They’ll be okay, Sonic reassures himself. “Come on, Sonic. Keep it together,” he murmurs to himself.
Continuing downhill, where it’s mostly shielded from the diagonal rain and wind, he starts feeling around with his shoe, stomping, listening to the thuds, judging how firm the ground is. Finding a spot he deems satisfactory, he hops, curls up, bounces once, twice, and on the third, slams down hard enough to puncture the ground. He spins, digging a tunnel within seconds, curving around deep boulders.
He’s not as good of a digger as Knuckles, but he’s still a hedgehog, even if using his quills instead of his claws is an unconventional way to burrow. He retreats a few times to shovel out excess dirt, and bites his gloves off to traditionally dig out a drainage tunnel in case the rain changes direction.

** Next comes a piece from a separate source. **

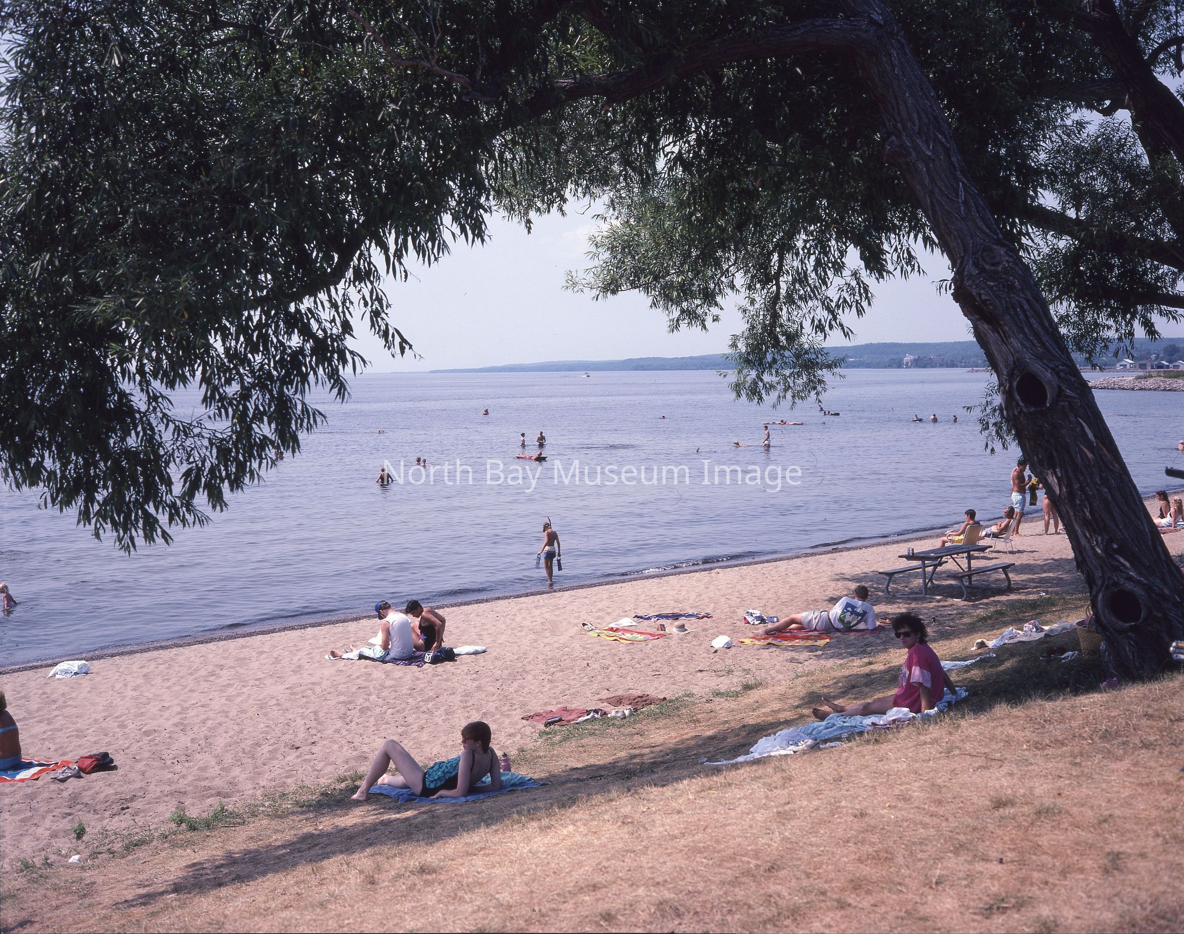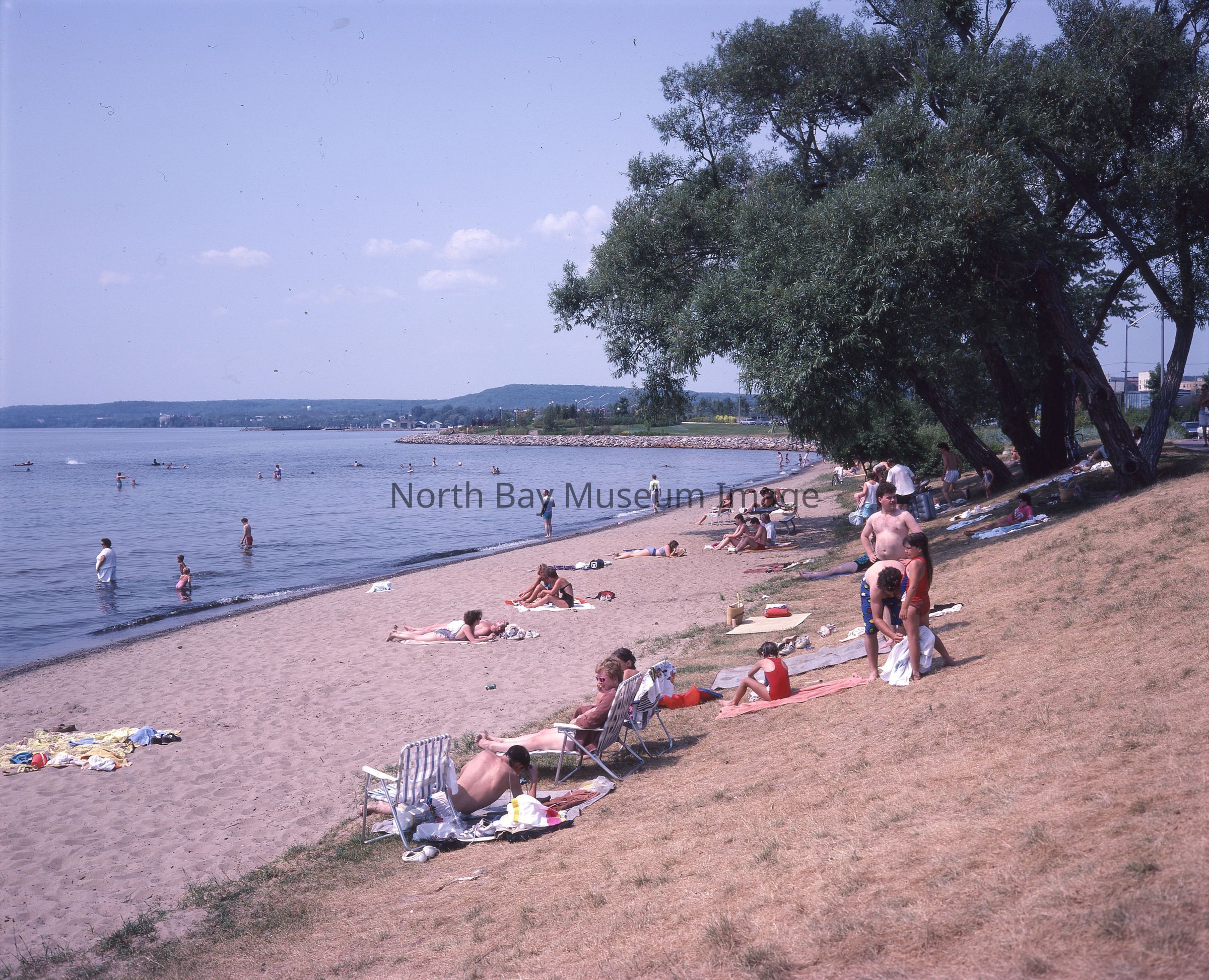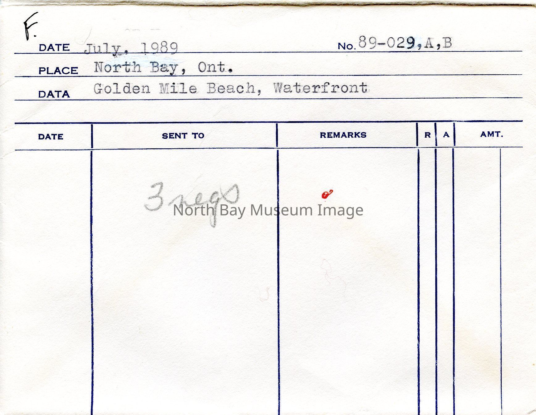 Envelope (a) containing negatives (b-d) of Golden Mile Beach in North Bay Ontario. Photos consist of people on the beach both swimming and sunbathing. A part of the Forder Collection.Creator

Satisfied, he crawls out, shakes the dirt off of himself, and runs back to where he’d left Amy and Tails. The winds have picked up speed, almost blowing him back. Twigs and other debris come flying at him. Crouching against the wind, he shields his eyes with his paw. The sky has gone completely smoky black. He, Amy, and Knuckles could withstand this kind of gale, but Tails is mostly fluff and doesn’t weigh much.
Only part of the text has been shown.